Again, to adopt..you need a home study and that includes a criminal backgroud check so 99.9 % of people that want to adopt are not criminals..come on these are good people. Again, there are many steps to an adoption there are many chances for a girl or woman to change her mind. A lot of these girls are 18 and old enough to have s_x and can decide if adoption is right for them. AGAIN, adoption takes time and there are steps to adopt. There is plenty of time for someone to change her mind...a person wanting to adopt does not just go and pick up a baby and leave. Adoption agenies are fine to use but take a long time so if a couple looking to adopt wants to find a situation an their own, they can do that. This is America. And for the remark that if it takes a long time theres something wrong, you just don't know what you are talking about. Domestic adoption takes a long time unless you are a millionaire. In my case to adopt our son, we found a match in four months (rare), I know great couples that have been waiting two years on lists. If these young ladies want adoption for their babies, don't make them think that they are making a bad decision. Maybe it was not a decision you would want but for some people it is the right decision. You don't know someone until you walk in their shoes.

 

Nanna Ronni - May 23

I too have concerns about all the desperation that seem so apparent on thses boards.

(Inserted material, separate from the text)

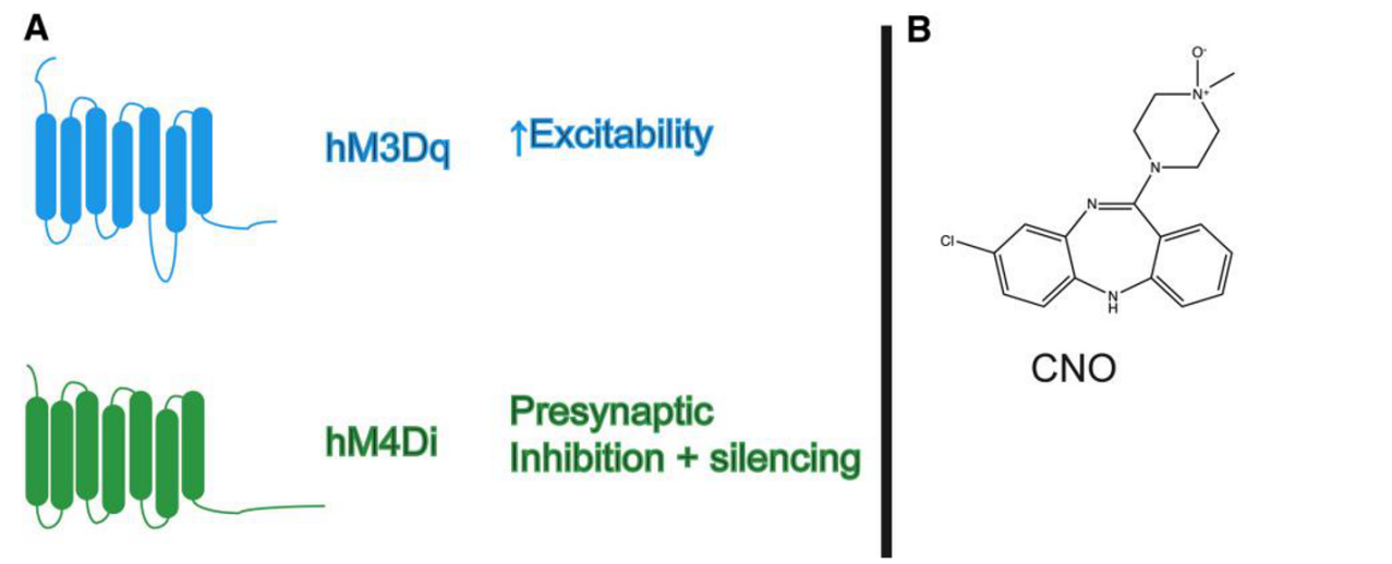 Figure 1: Common DREADDs and their ligand CNO

I am aware that there are specific checks that are carried out on prospective adoptive parents, well they are in the UK, however, l am not too sure about how stringent they are in any other country and certainly not in regards to private adoptions. I will say again as l have posted elsewhere, l myself was adoptd privately. Ok it was over 30 years ago and hopefully this would never happen again to an adopted child. BUT I was severley abused by my adoptive parents, s_xually, physically and emotionally for 16 years of my life. They appeared to the general public as very caring, they already had three children of their own. They both were teachers and were financially very secure. They demonstrated to the world what loving family they were. Sadly behind closed doors, they were monsters, who l can only believe adopted me purely to harm me, as they didnt harm their natural children. So whilst l am NOT against adoption, l cannot stress enough that folk really need to be cautious as to who they want their children to be brought up by.

 

Carri - May 23

I completed agree with the poster. Shame on all of you - I don't care how desperate you are, there is a young teen who needs some help and should be given all options for consideration not just those that selfishly meet your needs. I realize that some of you REALLY want a baby but keep in mind, some of these young girls are practically babies and need some OBJECTIVE advice.

 

Jen - May 23

I do agree that the levels of some posters go too far. This is a nice post and even though we all don't agree, we are talking about it and not bashing each other. We should all email and see if they can start some kind of adoption board.

 

I'm Sorry!!!!!! - May 24

Jen, I hope your adoption dreams come true. I am so happy this didn't turn into a shouting match. Good Luck and thanks for understanding both sides of this...Baby Dust!!!!

 

Jen - May 24

oh thanks and my husband and I decided just to go with the same agency as we did with our first adoption. we are so happy with our son that i don't mind if it takes a while. I also have to say that i am a little concered at some of the adoption posts..though I do understand. Some adoptive parents will say or do anything to fill their own dreams and thats not good for everyone involed, especially a young girl. So I really do see both sides. I think I am addicted to this board an reading the posts.